I&#x27;ve seen engineers spend 5-10 years working like a horse gaining the trust and then the company fires them just like that. 
Does trust play a role in software industry today ?
======
nostrademons
Most managers/entrepreneurs I know absolutely _hate_ firing & laying off
people. It's their complete least favorite part of the job.

The difference is that managers are typically under more constraints than
engineers, and then entrepreneurs are under both more constraints and more
uncertainty than managers. As an engineer, your job is to make the machines do
what your boss wants them to do. You may have many technical constraints, but
you basically have only one human constraint: what your boss is asking for.

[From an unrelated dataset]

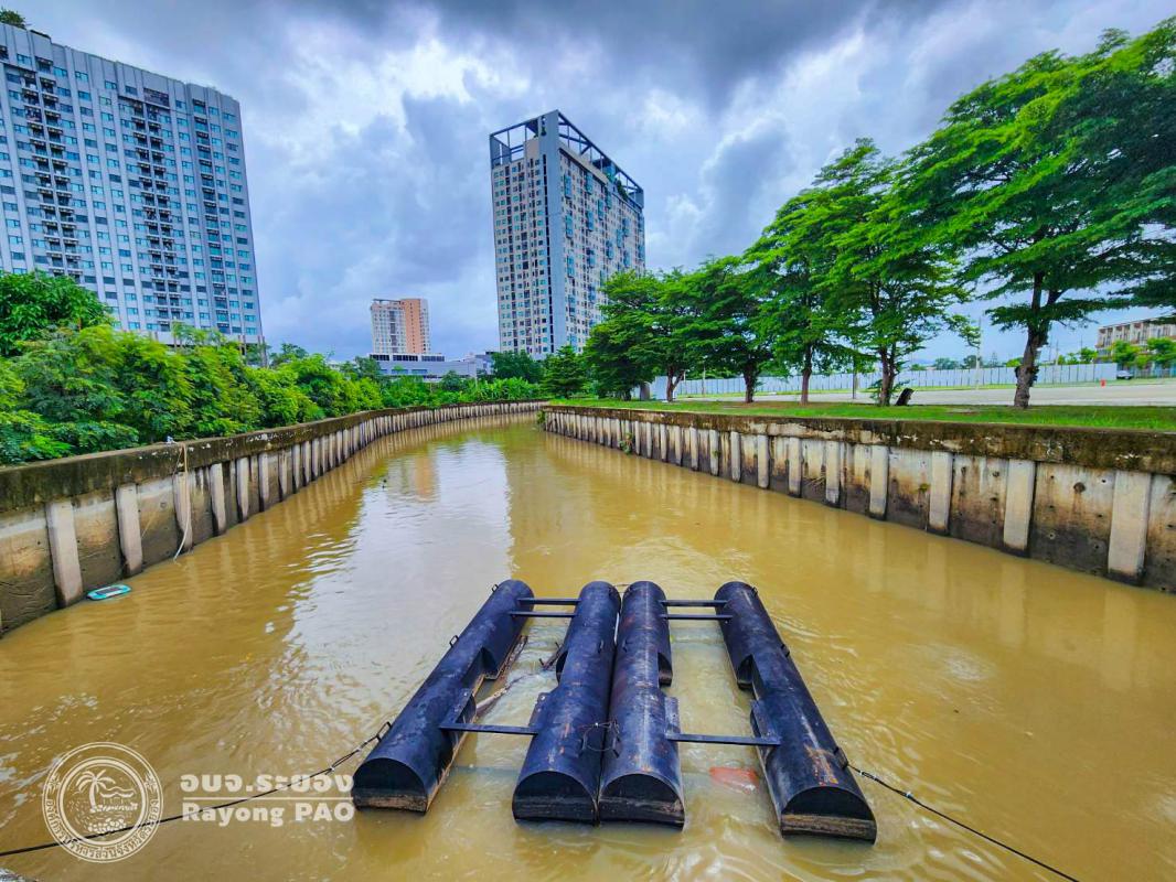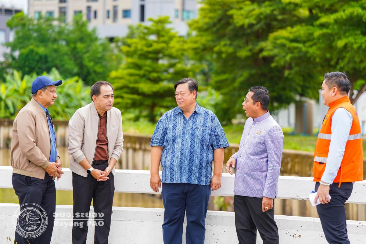 อบจ.ระยองร่วมลงพื้นที่ติดตามสถานการณ์น้ำคลองทับมา บริเวณสะพานหลังศูนย์การค้าเซ็นทรัลระยอง และสะพานแตง
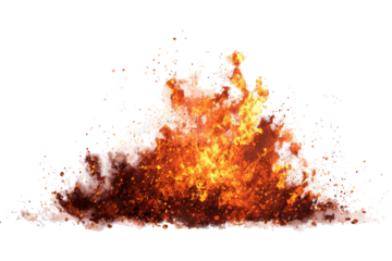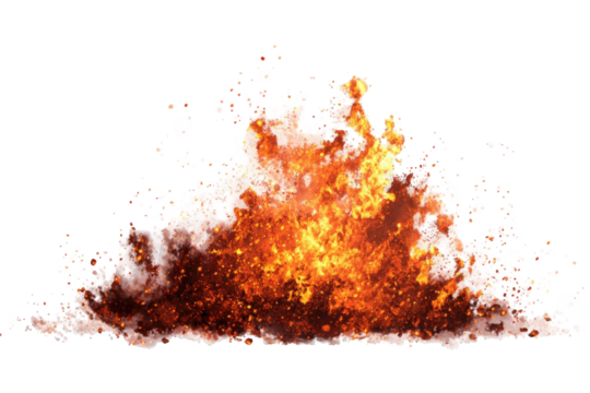 Large fire explosion with glowing embers, cinematic blast effect isolated on white background

As a manager, your job is to keep the team functioning and keep _your_ boss
happy. If your boss says that your budget has been cut by 40%, there's nothing
you can do about it, you've gotta let 40% of your people go even if you really
like them and they've shown you nothing but loyalty. If you've got a brilliant
technical contributor but he's socially abrasive and half your team's
threatening to quit if you don't get rid of him, you can fire him or you can
lose half your team.

As an entrepreneur, your job is to a.) identify why the company should exist
b.) hire the right people and c.) make sure that there's always enough cash in
the bank. And if you have to lay people off, it means _you_ fucked up. But you
do all three of these things under conditions of extreme uncertainty. Maybe
the technical rock star that shined brightly in the coding interviews is a
douchebag to women, and you have to fire him so that you don't lose every
woman on your team. Maybe you hired in anticipation of growth, so that you
don't burn out people, but then the market for your product turned out to be
much smaller than you thought. Maybe you hit a recession and your whole sector
contracts.

Remember that entrepreneurs are ultimately responsible to customers, and
_customers_ show zero loyalty. If a better product comes out, or they hit on
hard times, or they change their line of business, they have no obligation to
keep paying for your product.

Trust and loyalty absolutely play a big role in the software industry today,
but business is a lot more complex than it seems when you come out of college,
and you learn quickly that you can't always do what you want.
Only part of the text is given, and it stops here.